Climate Change in Prehistory explores the challenges that faced humankind in a glacial climate and the opportunities that arose when the climate improved dramatically around 10000 years ago. Drawing on recent advances in genetic mapping, it presents the latest thinking on how the fluctuations during the ice age defined the development and spread of modern humans across the Earth. It reviews the aspects of our physiology, intellectual development and social behaviour that have been influenced by climatic factors, and how features of our lives—diet, language, health and relationship with nature—are also the product of the climate in which we evolved. This analysis is based on the proposition that essential features of modern societies—agriculture and urban life—became possible only when the climate settled down after the chaos ofo the last ice age.

Climate Change and Africa

Editor: Pak Sum Low. Cambridge University Press (2005). 
ISBN 0-521-8364-4. xli + 369 pp. Price: £85/US$ 150.

At the beginning of the 21st century, climate change is an environmental issue of global magnitude. The poorer developing countries are the least well equipped to adapt to the potential effects of climate change.

This book presents the issues of most relevance to Africa, such as past and present climate, desertification, biomass burning and its implications for atmospheric chemistry and climate, energy generation, sea-level rise, ENSO-induced drought and flood, adaptation, disaster risk reduction, The UNFCCC and Kyoto Protocol (especially the Clean Development Mechanism), capacity-building, and sustainable development.

Sounds in the Sea

Herman Medwin and colleagues.

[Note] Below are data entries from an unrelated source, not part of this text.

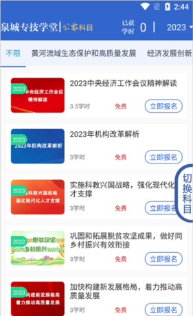 2、然后进入“课程”页面可以选自己想要的科目,点击“立即报名”。
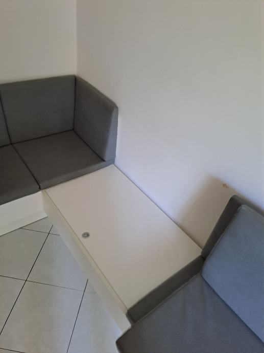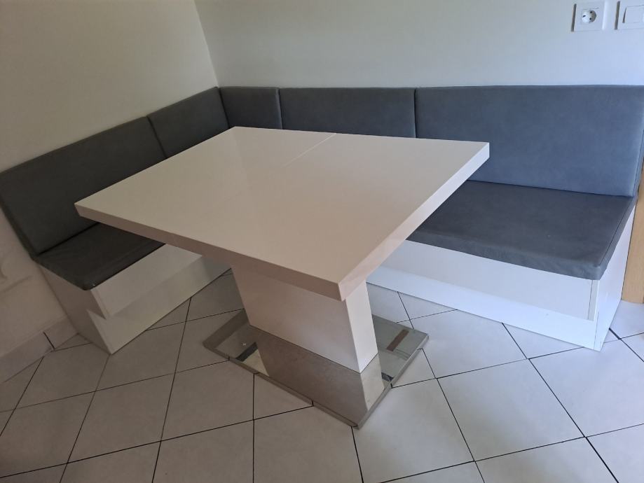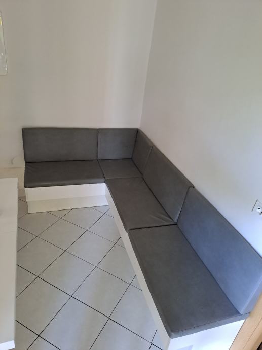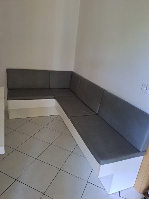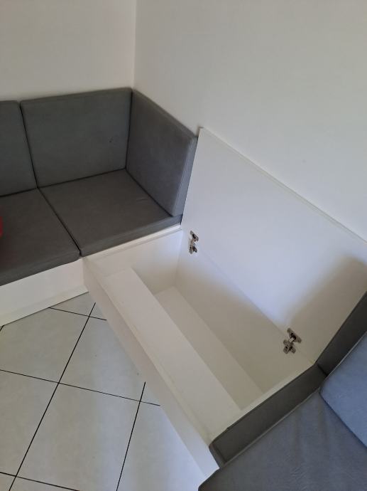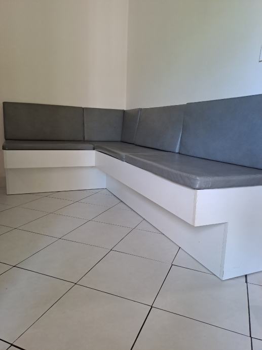 Kutna kuhinjska klupa dužina 1.30m x 1,60m sa sjedalicama i naslonima. Svaka klupa ima u sebi mjesto za pohranu stvari.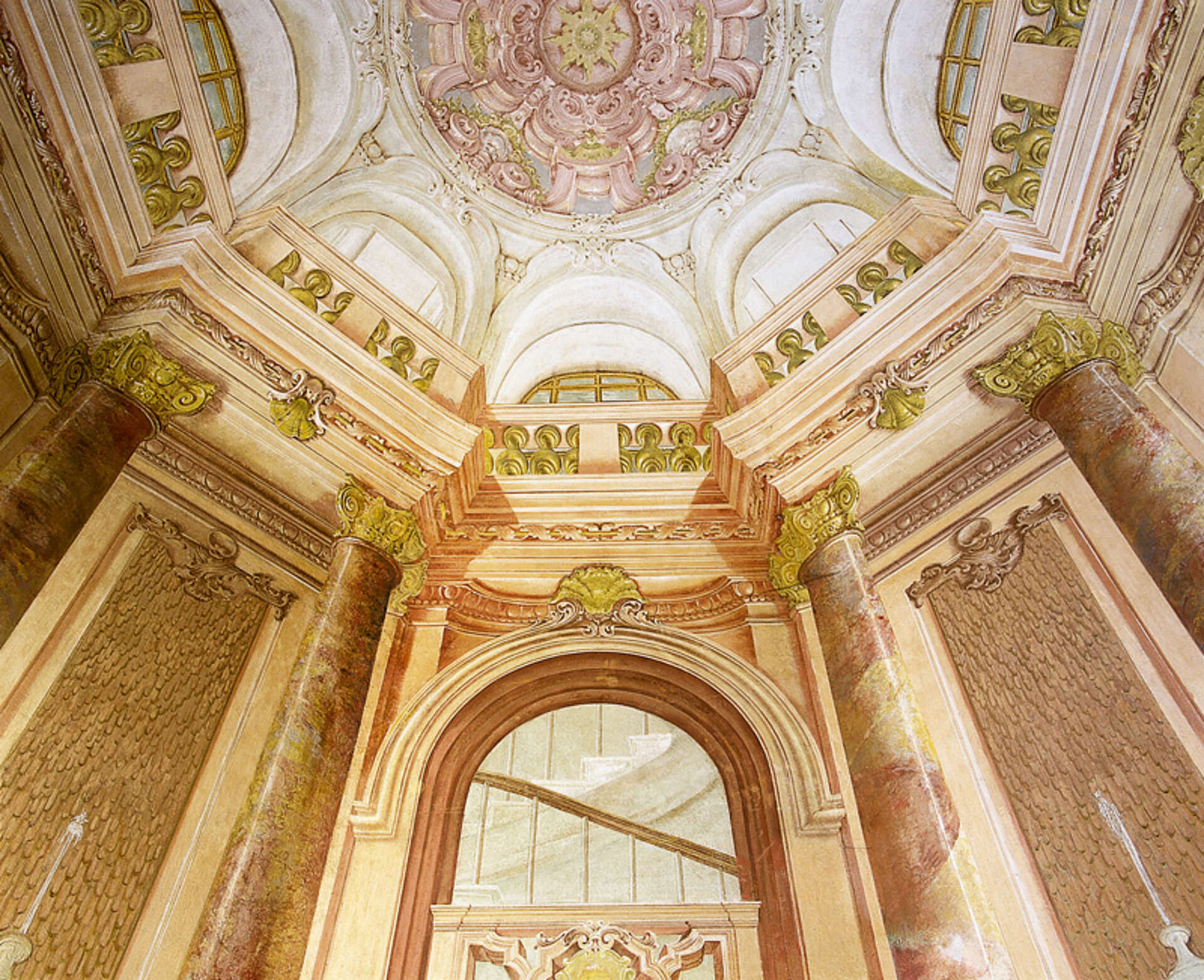 Der Innenraum ist im Erdgeschoß mit einer Architekturmalerei im Stil des Rokokos ausgestattet. Im Obergeschoß, in das man über ein angebautes Treppenhaus gelangt, bietet ein luftiger, mit Balkonen versehener Raum Aussichten in die Baumpartien des Parks.
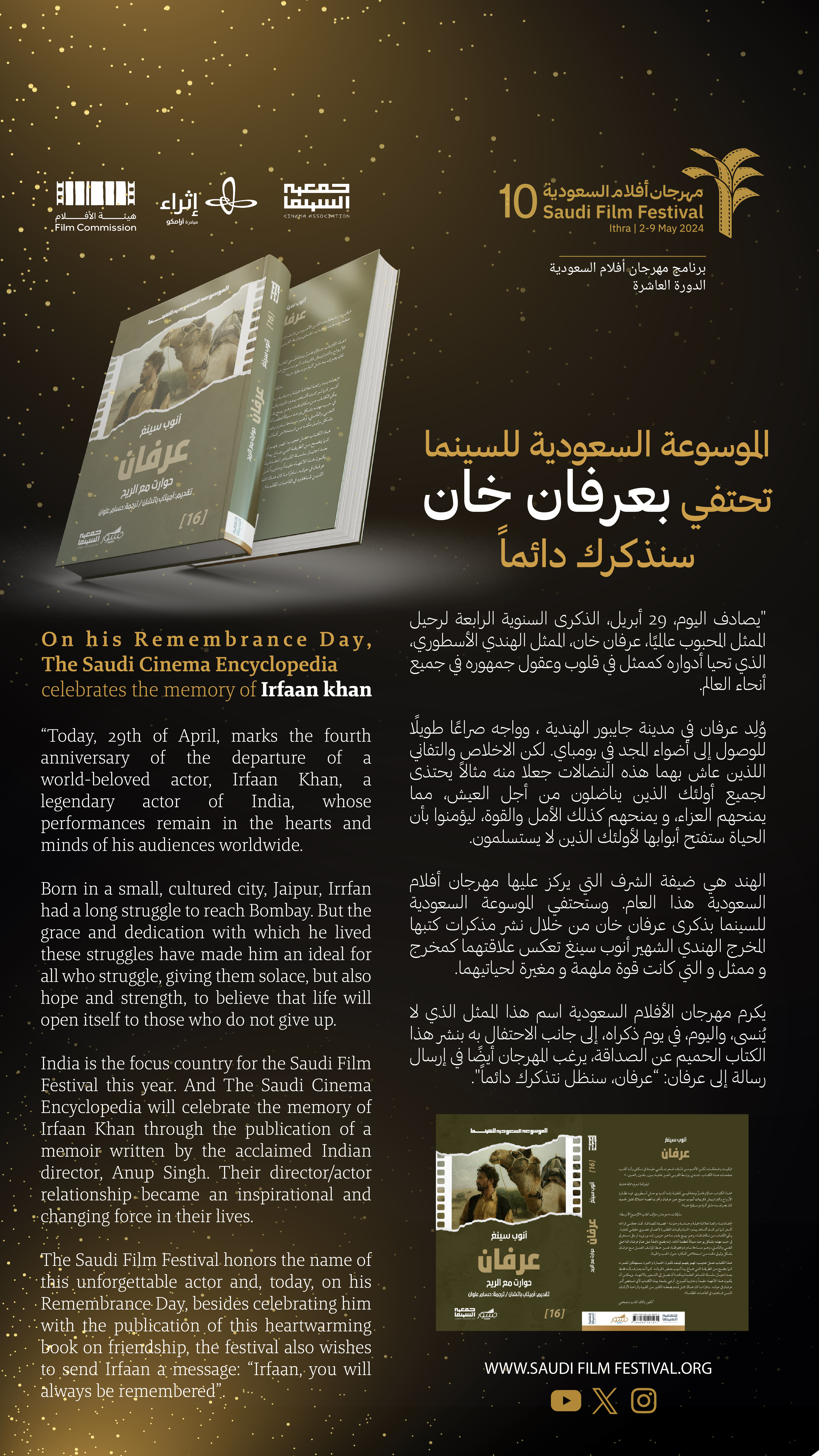 يكرّم مهرجان أفلام السعودية اسم هذا الممثل الذي لا يُنسى، واليوم، في يوم ذكراه، إلى جانب الاحتفال به بنشر هذا الكتاب الحميم عن الصداقة، يرغب المهرجان أيضاً في إرسال رسالة إلى عرفان: "عرفان، سنظل نتذكرك دائماً".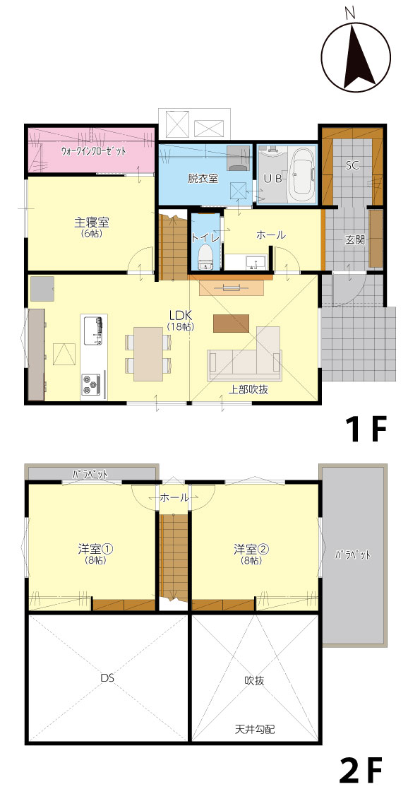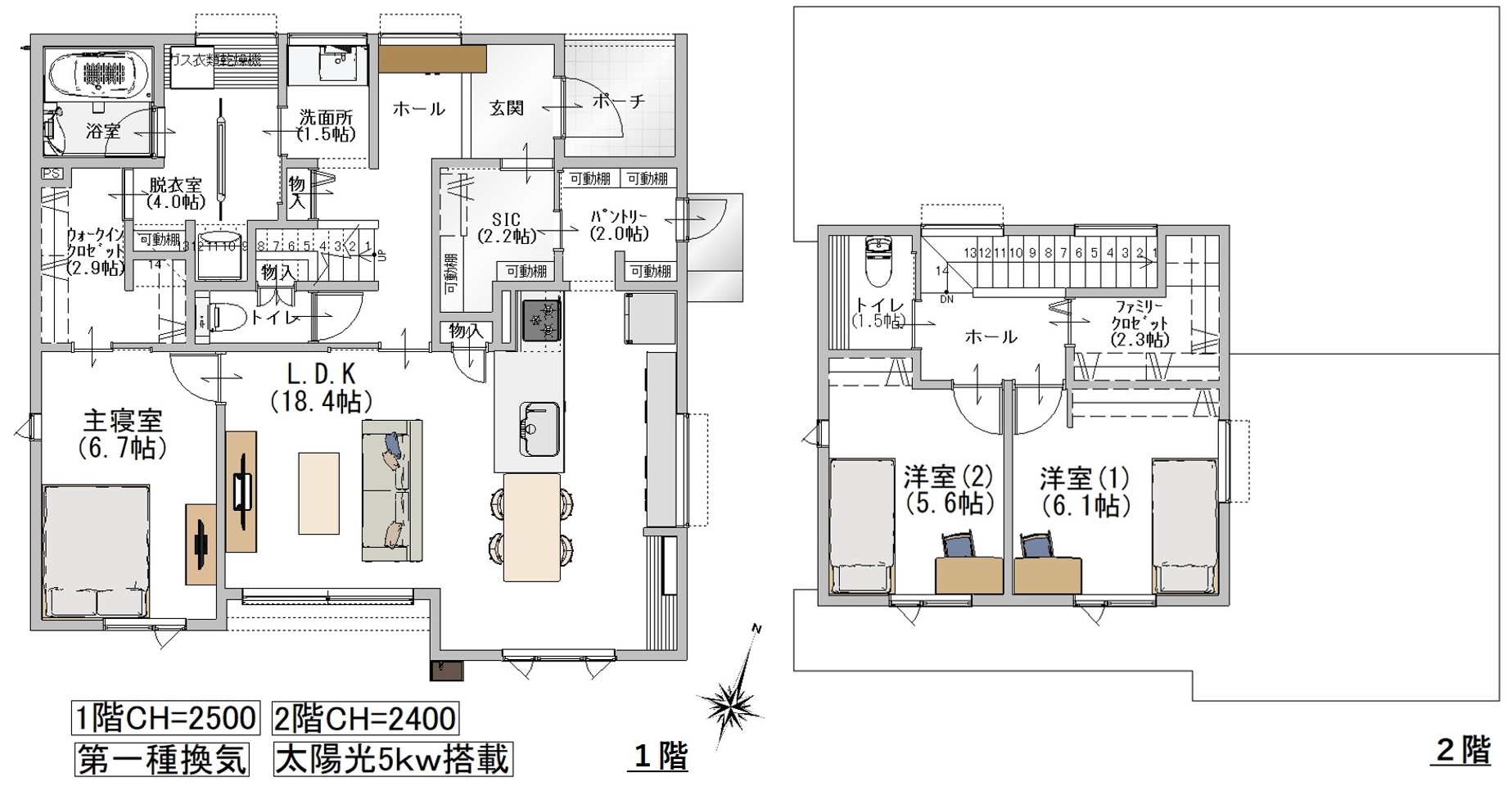 玄関とキッチンが近い、主寝室1階のほぼ平屋間取り。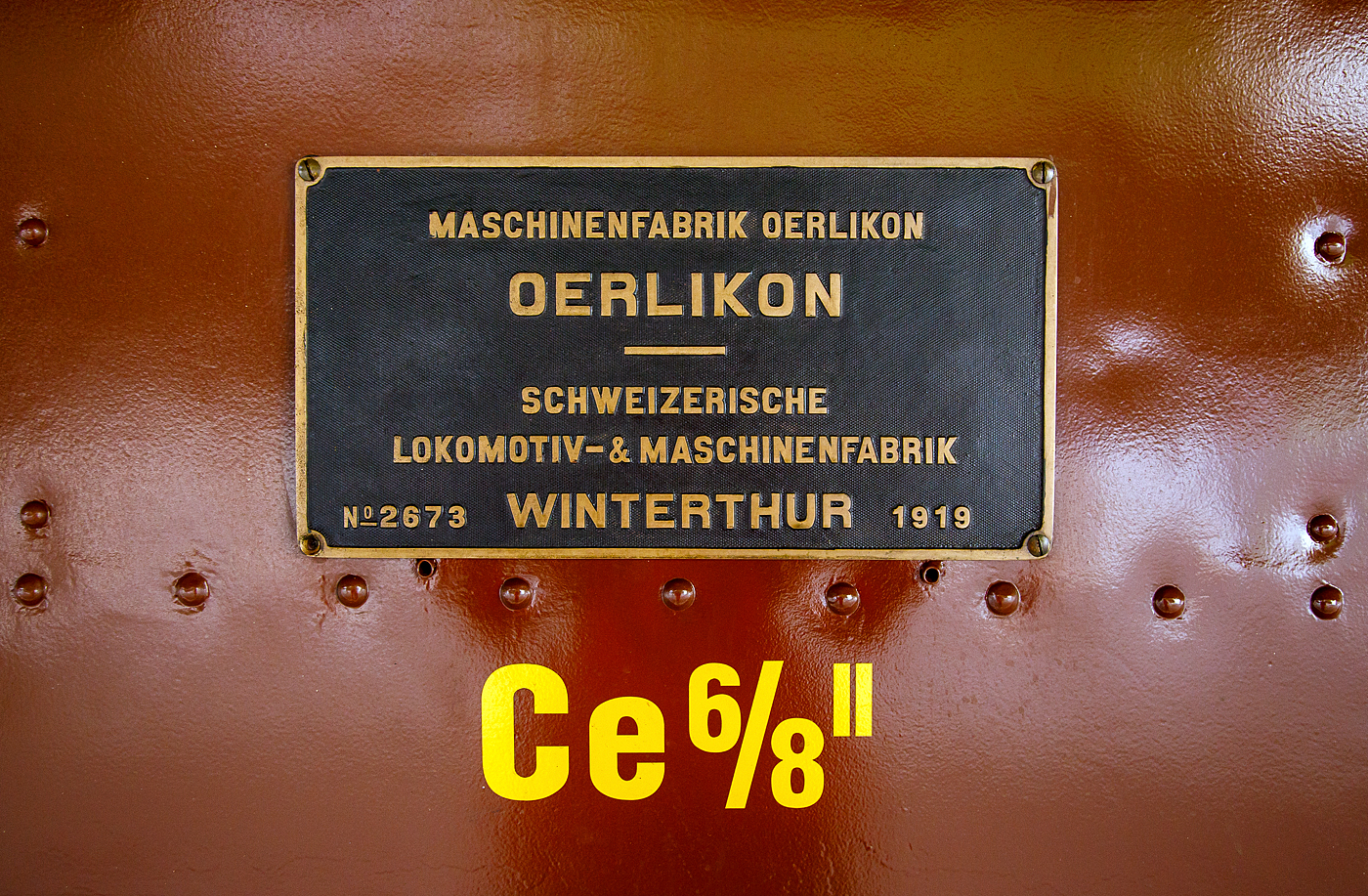 Fabrikschild von dem  SBB Gotthard Krokodil Ce 6/8 II 14253 (eigentlich Be 6/8 II 13253) der SBB Historic am 02 August 2019 im Bahnhof Göschenen.

Cambridge University Press (2005)
ISBN 0-521-82950-X. xxi + 643 pp. Price: £85/US$ 100.

The oceans are vast, complex, mostly dark, optically opaque but acoustically transparent worlds that have been only thinly sampled by today’s technology and science. Underwater acousticians and acoustical oceanographers use sound as the premier tool to determine the detailed characteristics of physical and biological bodies and processes at sea. Myriad components of the ocean world are being discovered, identified, characterized, and imaged by their interactions with sound.

“Ocean acoustics” describes the traditional direction in which our knowledge of ocean temperature and salinity allows us to use sound to find fish, submarines, icebergs, and the depth of the ocean. “Acoustical oceanography” interprets the distinctive details of time-varying sound amplitudes and phases over acoustical paths to deduce the physical and biological parameters of the specific ocean through which the sound has travelled.

Increasing Climate Variability and Change

James Salinger, M.V.K. Sivakumar and Raymond P. Motha (Eds.). Springer (2005). ISBN 1-4020-3354-0. vi + 362 pp. Price: €99.95.

One of the major challenges facing humankind is to provide an equitable standard of living for this and future generations: adequate food, water and energy, safe shelter and a healthy environment.

Human-induced climate change, and increasing climate variability, as well as other global environmental issues such as land degradation and loss of biological diversity threaten our ability to meet these basic human needs.

The 1990s were the warmest decade of the 20th century, and likely to be the warmest for the last 1 000 years.  In addition, the frequency of extreme events is rising and many parts of the world have recently suffered major heat-waves, floods and droughts leading to significant loss of life and economic costs.

The range of adaptation options for agriculture and forestry is generally increasing because of technological advances, thus reducing the vulnerability of these systems to climate change. However, some regions of the world, particularly developing countries, have limited access to these technologies.

Agriculture and forestry are currently not optimally managed with respect to today’s natural climate variability.  Decreasing the vulnerability of agriculture and forestry to increasing climatic variability will go a long way towards reducing the long-term vulnerability to climate change. This book assesses the science of climate variability and change, and their likely impacts on agriculture and forestry, with adaptation strategies required to reduce their vulnerability.